Later on, proteins are sorted,
as you'll see in the next chapter of this presentation, into vesicles
that bud from the membrane of the endoplasmic reticulum
and deliver content to this next station, the Golgi apparatus,
indeed as you'll see later, there is a bidirectional flow of material
back and forth between these two stations.
Within this bus station, the Golgi apparatus, molecules are sifted,
some are diverted by an intracellular route to the vacuole,
the yeast equivalent of the lysosome,
by a very elaborate machinery most elegantly described by
Scott Emr and Tom Stevens in their studies
on the sorting event that achieves vacuole assembly.

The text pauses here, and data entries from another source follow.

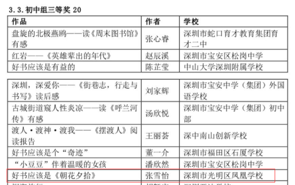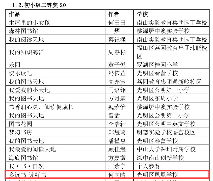 在深圳市4·23世界讀書日“探索閱讀新領域”創(chuàng)作比賽中學校榮獲優(yōu)秀組織獎,何雨晴、劉宥伯同學分別獲初小組二等獎、三等獎;阮澤宇、張雪怡同學分別榮獲初中組二等獎、三等獎。郭瑞芳老師榮獲優(yōu)秀指導老師獎,曾嵽稜、賴美君、李海亮榮獲優(yōu)秀組織老師獎。
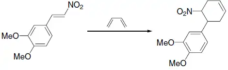 - Nitroalkene acting as an activated dienophile toward butadiene in a Diels-Alder cycloaddition:[1][10]
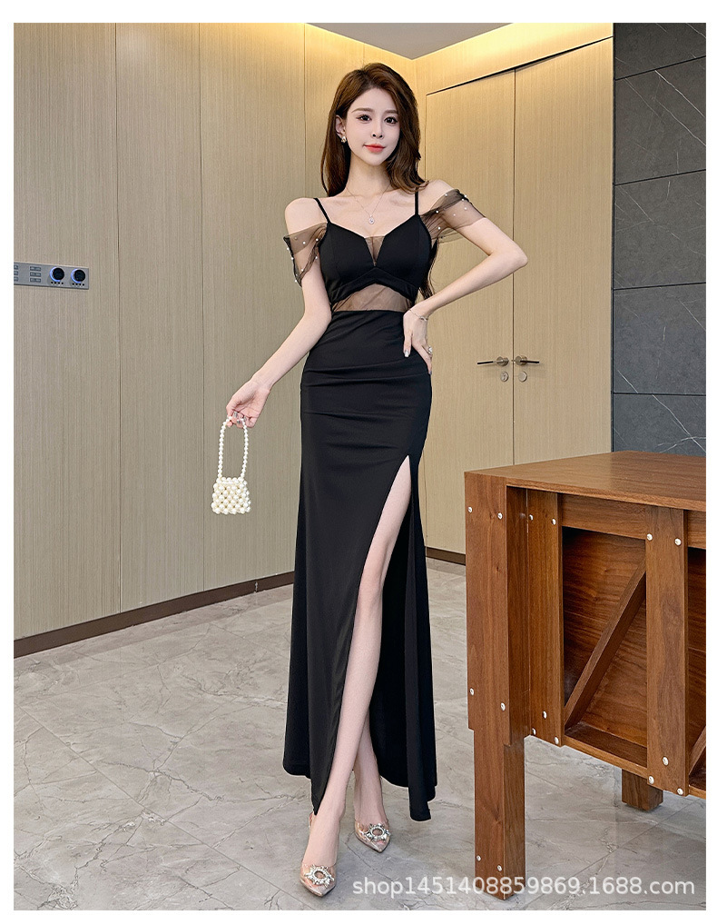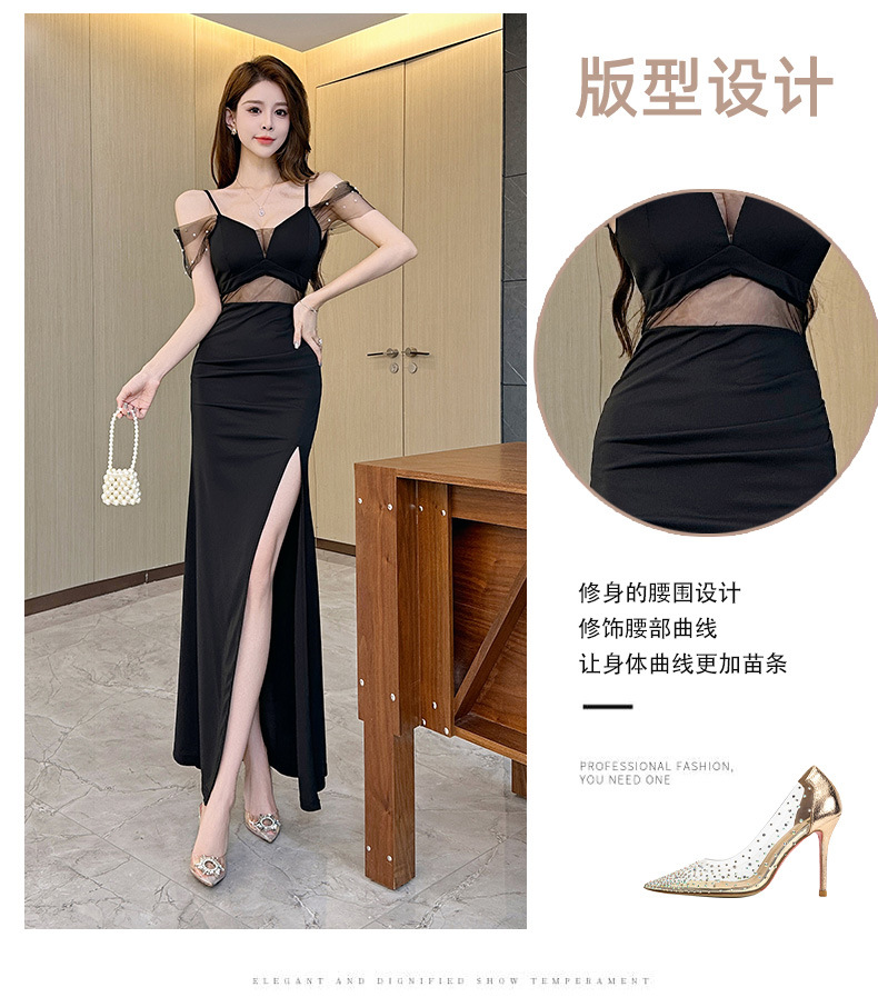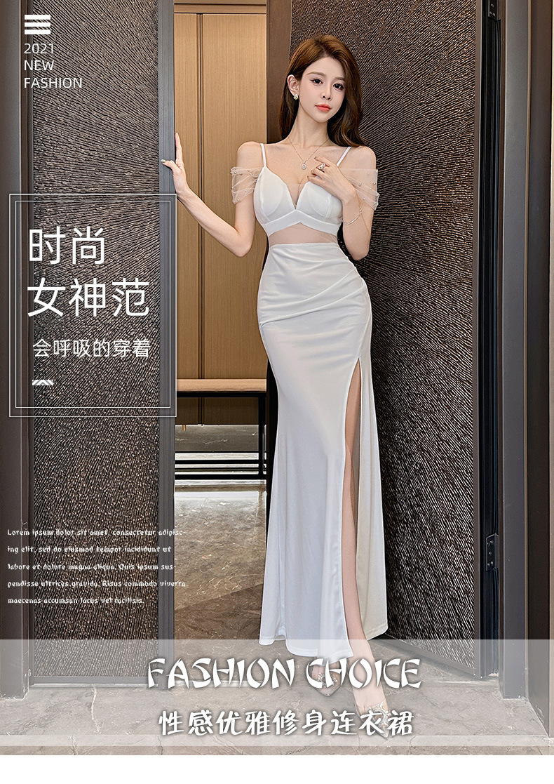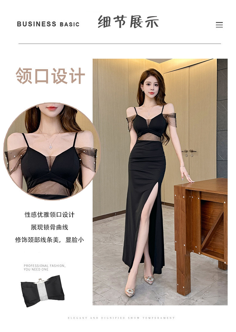 우아하고 슬림한 나이트클럽 여성복, 여성스러운 로우컷 힙커버 딥V 슬리밍 서스펜더 드레스
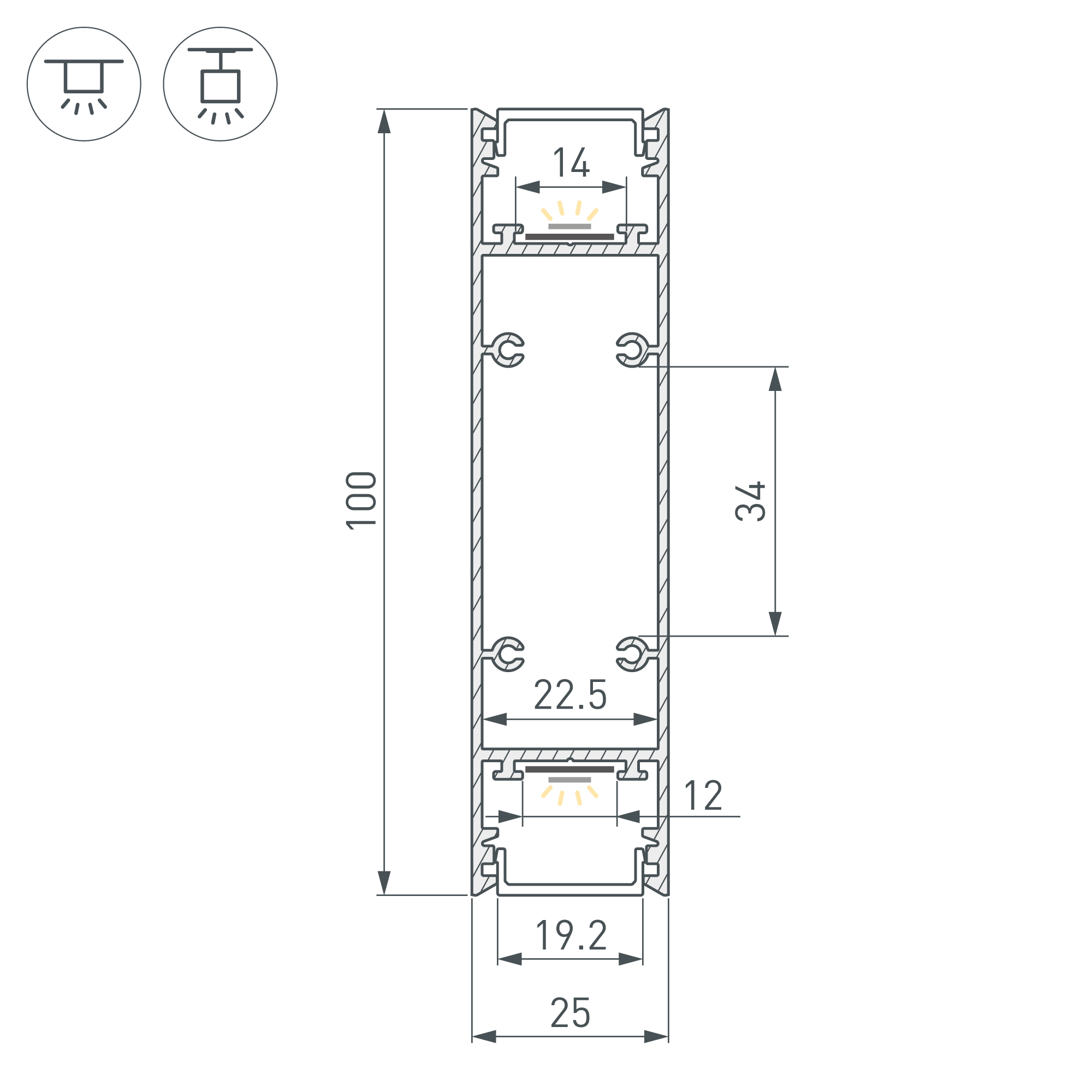 Габаритные размеры профиля составляют 2500 мм в длину, 25 мм в ширину и 100 мм в высоту. Площадки для установки светодиодных лент позволяют использовать ленты шириной до 12 мм и мощностью до 33 Вт/м каждая. Это обеспечивает гибкость в выборе светодиодных лент и создает потрясающие световые решения.

Other molecules, not diverted into the vacuole, instead become packaged into vesicles
the kinds of vesicles that we saw accumulate in sec-1,
and they are then delivered to the plasma membrane
under the set of sec genes that define this last stage.
in the secretory pathway.
Now in the next chapter I will describe a rather more precise technique
that allows one to focus with great precision on the mechanism of protein transfer.
This pathway illustrated by genes and mutants highlighted the essential proteins,
but it by itself says very little about what those protein molecules do.
And in order to understand how membranes form,
and how they fuse, we must go in with, in a way,
a higher power microscope, using more precise tools
and I'll tell you about that in the next chapter.